The light gas oil 20 is separated in the crude fractionation distillation 12. Such a stream can be mixed into the gasoline pool without further processing, especially if the sulfur level of the light gas oil 20 is 300 ppm or less, preferably 100 ppm or less. Light gas oil 20 is also hydrotreated in hydrotreating reaction zone 58 to reduce sulfur levels to 100 ppm or less, preferably 50 ppm or less, more preferably 15 ppm or less. Stream 60 is preferably separated into low sulfur naphtha.

2

Crude Oil Desulfurization

In the preferred embodiment shown in FIG. 2, the crude oil feed 2 comprises impurities, such as one or more sulfur, nitrogen, asphaltenes, Conradson carbon, from the crude oil feed 2. To the crude desulfurization unit 4 for removal.

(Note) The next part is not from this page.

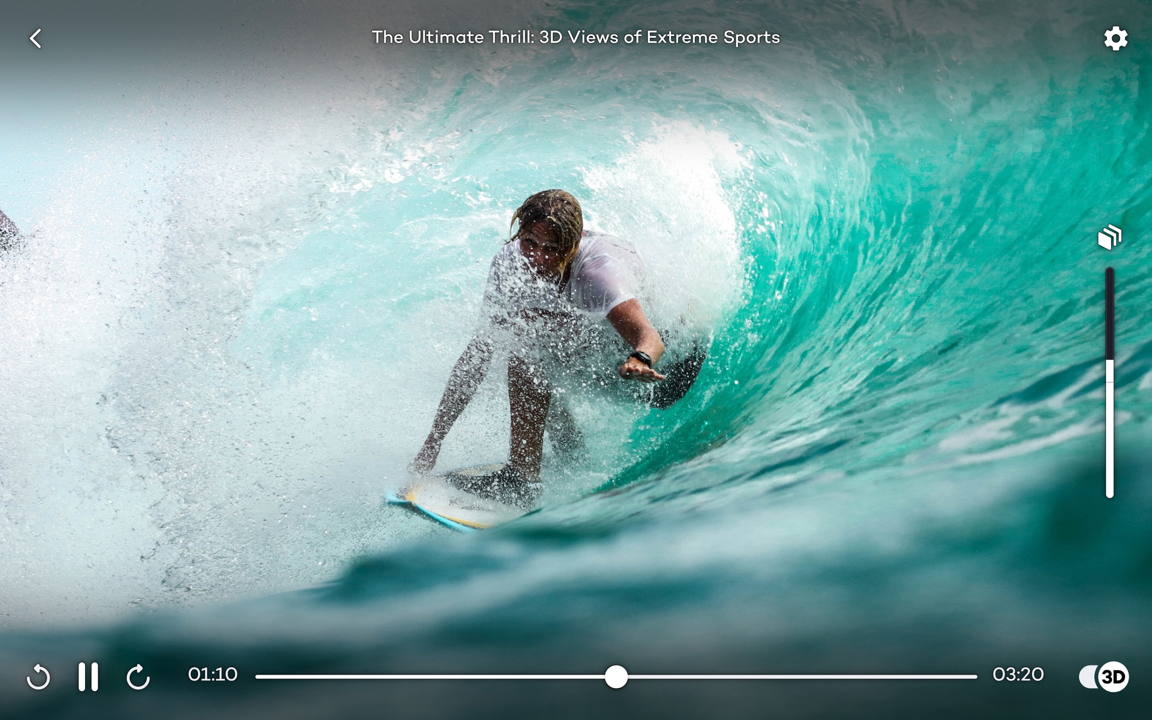 When playing content in LeiaTube, you get a pretty standard media player that's pretty self-explanatory. You have the pause and skip forward/backward options in the bottom right. You have a scrollbar at the bottom for seeking to any point in the content. You have a 2D/3D switch in the bottom right. And you have a 3D depth slider on the right hand side. LeiaTube supports 2D videos, 3D SBS videos (Half-width and Full-width), VR180 videos, 2D 360 videos, and 3D 360 videos. LeiaTube will normally identify the video automatically, but if it doesn't, you can tap the Gear icon in the top right and select the video format in the dropdown.

As described above with respect to FIG. 1, the desulfurized crude oil 6 is treated in one or more flash zones 8 to remove unreacted hydrogen and light hydrocarbon products 14. Thereafter, the desulfurization solution 10 separated from the flash separation zone 8 is transferred to the crude fractionation distillation 12. In the preferred method of the present invention, the desulfurization solution (10) is purified from the flash separation zone (8) without cooling the desulfurization solution (10) more than necessary for distillation in the crude fractionation distillation (12). 12) is delivered directly. The temperature of stream 10 transferred from flash separation zone 8 to crude fractional still 12 is preferably maintained at a temperature of at least 250 ° F, preferably 300 ° F. One or more residue fractions 16, vacuum gas oil 18 and light gas oil 20 are separated in the crude fractionation distillation 12.

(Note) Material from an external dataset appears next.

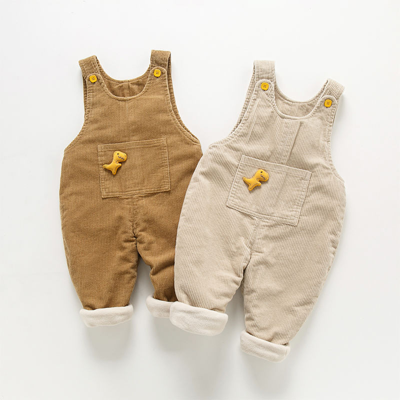 宝宝背带裤加绒加厚秋冬季一岁男小童恐龙连体长棉裤婴儿裤子冬装

Desulfurization Product Distillation

The fractionating distillation zone 12 may be a single distillation column or a plurality of distillation columns, each tower being located in a sequential flow in association with another tower. In a preferred embodiment of the process, the desulfurization solution 10 is at least one distillation column (ie, atmospheric distillation column) (not shown) operated substantially at atmospheric pressure or slightly above atmospheric pressure and a distillation column (ie, operated below atmospheric pressure). Fractional distillation in a fractional distillation zone 12 comprising a vacuum distillation column) (not shown). Such distillation columns are well known in the art. The desulfurization solution 10 is passed to an atmospheric distillation column to produce one or more naphtha streams 20 and atmospheric residues, which are further fractionally distilled in a vacuum distillation column. The vacuum gas oil 18 is separated into a distillate fraction in a vacuum distillation column and the vacuum residue stream 16 is separated into a bottom fraction in a vacuum distillation column.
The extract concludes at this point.